* **GIVEN DATA**:
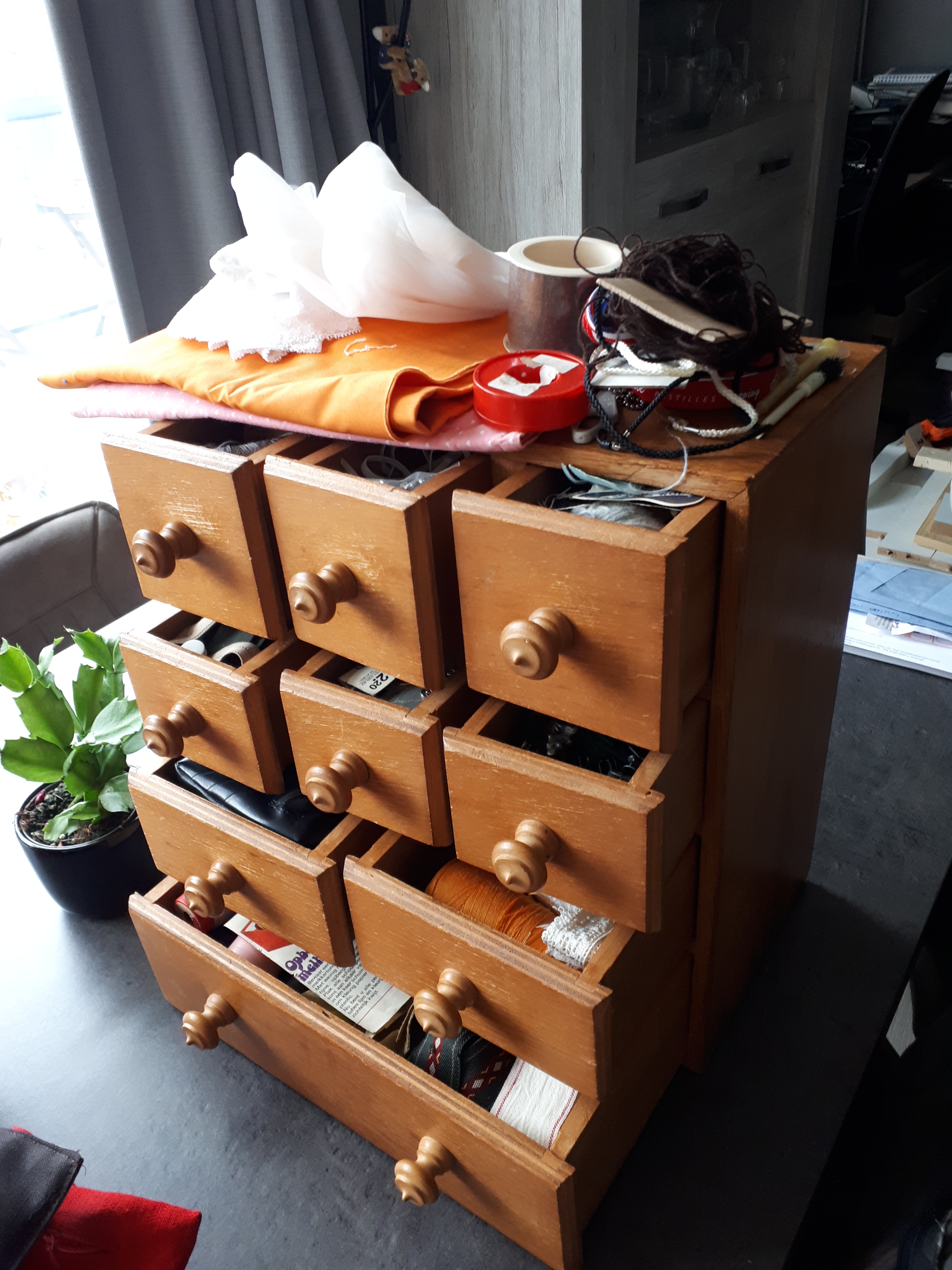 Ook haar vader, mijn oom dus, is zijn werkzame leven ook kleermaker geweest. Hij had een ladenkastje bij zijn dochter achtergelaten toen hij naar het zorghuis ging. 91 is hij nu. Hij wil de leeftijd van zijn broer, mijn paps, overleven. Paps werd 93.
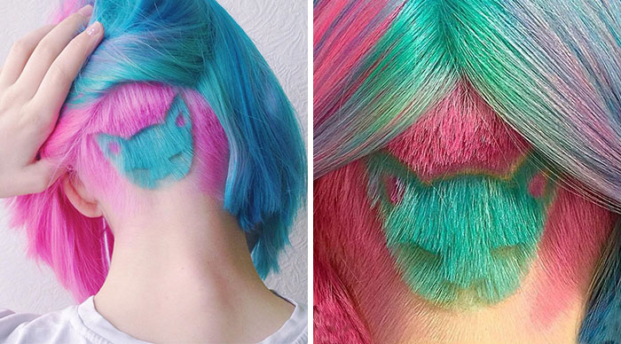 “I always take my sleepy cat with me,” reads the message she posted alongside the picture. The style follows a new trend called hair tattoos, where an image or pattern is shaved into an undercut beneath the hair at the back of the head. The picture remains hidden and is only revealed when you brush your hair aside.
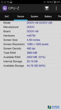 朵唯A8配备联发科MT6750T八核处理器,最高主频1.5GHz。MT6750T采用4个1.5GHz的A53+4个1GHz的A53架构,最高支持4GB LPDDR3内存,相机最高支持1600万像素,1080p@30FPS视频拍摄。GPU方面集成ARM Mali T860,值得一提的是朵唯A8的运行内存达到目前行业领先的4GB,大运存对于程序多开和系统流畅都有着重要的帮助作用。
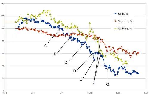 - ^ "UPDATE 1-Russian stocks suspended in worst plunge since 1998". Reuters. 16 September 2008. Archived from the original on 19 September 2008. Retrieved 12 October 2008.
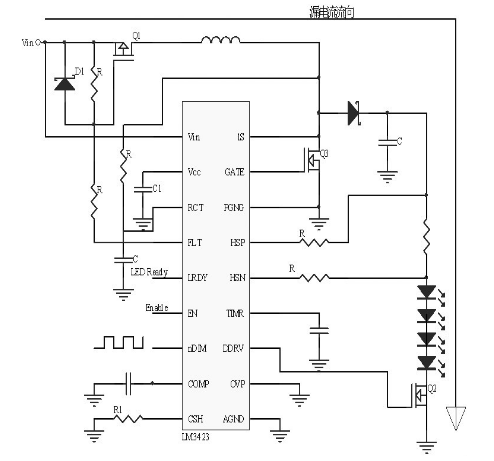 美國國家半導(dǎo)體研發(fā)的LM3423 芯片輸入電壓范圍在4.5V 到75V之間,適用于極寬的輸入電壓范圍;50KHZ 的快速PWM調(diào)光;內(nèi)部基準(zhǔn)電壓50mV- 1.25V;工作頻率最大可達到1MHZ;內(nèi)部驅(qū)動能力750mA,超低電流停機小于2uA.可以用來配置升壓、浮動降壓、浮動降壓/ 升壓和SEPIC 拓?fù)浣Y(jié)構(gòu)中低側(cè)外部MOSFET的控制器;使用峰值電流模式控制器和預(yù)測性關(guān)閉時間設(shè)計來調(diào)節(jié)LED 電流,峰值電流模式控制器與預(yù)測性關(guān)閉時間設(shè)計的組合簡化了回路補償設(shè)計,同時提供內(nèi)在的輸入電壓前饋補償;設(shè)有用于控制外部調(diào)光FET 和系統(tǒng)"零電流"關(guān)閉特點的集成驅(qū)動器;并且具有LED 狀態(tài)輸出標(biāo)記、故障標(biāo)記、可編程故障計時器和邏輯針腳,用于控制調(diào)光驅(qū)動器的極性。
* * *
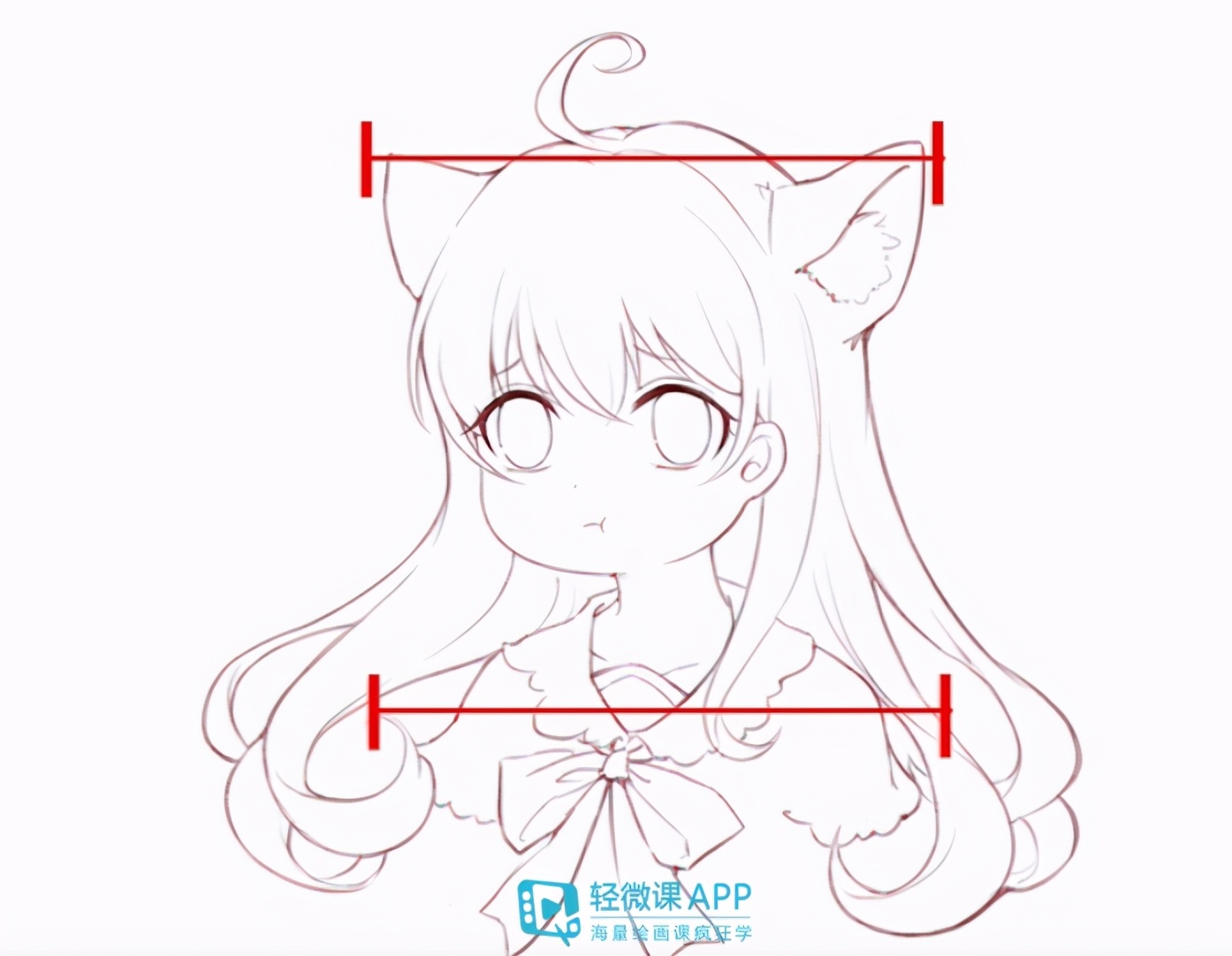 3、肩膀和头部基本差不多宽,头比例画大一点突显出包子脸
* * *
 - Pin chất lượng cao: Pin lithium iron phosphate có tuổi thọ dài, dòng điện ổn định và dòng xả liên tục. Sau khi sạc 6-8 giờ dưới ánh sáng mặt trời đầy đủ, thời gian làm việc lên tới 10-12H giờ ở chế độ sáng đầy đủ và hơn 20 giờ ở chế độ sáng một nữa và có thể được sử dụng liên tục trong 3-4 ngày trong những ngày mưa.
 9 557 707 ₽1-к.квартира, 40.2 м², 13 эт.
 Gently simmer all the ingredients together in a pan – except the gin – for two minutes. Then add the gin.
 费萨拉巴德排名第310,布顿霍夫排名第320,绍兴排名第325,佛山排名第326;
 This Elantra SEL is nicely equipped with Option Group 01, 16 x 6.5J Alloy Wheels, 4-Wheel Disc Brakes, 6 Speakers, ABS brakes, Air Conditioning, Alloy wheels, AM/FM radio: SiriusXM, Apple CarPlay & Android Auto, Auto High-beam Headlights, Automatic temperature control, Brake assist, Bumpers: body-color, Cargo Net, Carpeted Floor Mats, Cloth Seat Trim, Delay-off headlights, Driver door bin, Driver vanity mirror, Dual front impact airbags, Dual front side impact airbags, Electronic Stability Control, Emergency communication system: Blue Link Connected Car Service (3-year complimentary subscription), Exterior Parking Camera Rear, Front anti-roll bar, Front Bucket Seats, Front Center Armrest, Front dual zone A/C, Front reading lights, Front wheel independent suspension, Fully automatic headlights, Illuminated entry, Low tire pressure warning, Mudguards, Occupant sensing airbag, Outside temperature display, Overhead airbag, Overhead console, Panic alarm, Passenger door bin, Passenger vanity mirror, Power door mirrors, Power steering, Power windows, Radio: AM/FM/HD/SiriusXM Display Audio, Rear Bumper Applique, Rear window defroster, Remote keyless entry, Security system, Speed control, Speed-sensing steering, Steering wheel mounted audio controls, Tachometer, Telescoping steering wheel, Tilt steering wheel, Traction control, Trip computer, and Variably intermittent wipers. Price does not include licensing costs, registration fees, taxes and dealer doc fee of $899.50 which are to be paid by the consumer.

* **WHAT TO PRODUCE**: All that is needed is the exact run of lines above from the line containing "- Pin chất lượng" through the line containing "This Elantra SEL", both of them included.

* **YOUR SOLUTION**:
 - Pin chất lượng cao: Pin lithium iron phosphate có tuổi thọ dài, dòng điện ổn định và dòng xả liên tục. Sau khi sạc 6-8 giờ dưới ánh sáng mặt trời đầy đủ, thời gian làm việc lên tới 10-12H giờ ở chế độ sáng đầy đủ và hơn 20 giờ ở chế độ sáng một nữa và có thể được sử dụng liên tục trong 3-4 ngày trong những ngày mưa.
 9 557 707 ₽1-к.квартира, 40.2 м², 13 эт.
 Gently simmer all the ingredients together in a pan – except the gin – for two minutes. Then add the gin.
 费萨拉巴德排名第310,布顿霍夫排名第320,绍兴排名第325,佛山排名第326;
 This Elantra SEL is nicely equipped with Option Group 01, 16 x 6.5J Alloy Wheels, 4-Wheel Disc Brakes, 6 Speakers, ABS brakes, Air Conditioning, Alloy wheels, AM/FM radio: SiriusXM, Apple CarPlay & Android Auto, Auto High-beam Headlights, Automatic temperature control, Brake assist, Bumpers: body-color, Cargo Net, Carpeted Floor Mats, Cloth Seat Trim, Delay-off headlights, Driver door bin, Driver vanity mirror, Dual front impact airbags, Dual front side impact airbags, Electronic Stability Control, Emergency communication system: Blue Link Connected Car Service (3-year complimentary subscription), Exterior Parking Camera Rear, Front anti-roll bar, Front Bucket Seats, Front Center Armrest, Front dual zone A/C, Front reading lights, Front wheel independent suspension, Fully automatic headlights, Illuminated entry, Low tire pressure warning, Mudguards, Occupant sensing airbag, Outside temperature display, Overhead airbag, Overhead console, Panic alarm, Passenger door bin, Passenger vanity mirror, Power door mirrors, Power steering, Power windows, Radio: AM/FM/HD/SiriusXM Display Audio, Rear Bumper Applique, Rear window defroster, Remote keyless entry, Security system, Speed control, Speed-sensing steering, Steering wheel mounted audio controls, Tachometer, Telescoping steering wheel, Tilt steering wheel, Traction control, Trip computer, and Variably intermittent wipers. Price does not include licensing costs, registration fees, taxes and dealer doc fee of $899.50 which are to be paid by the consumer.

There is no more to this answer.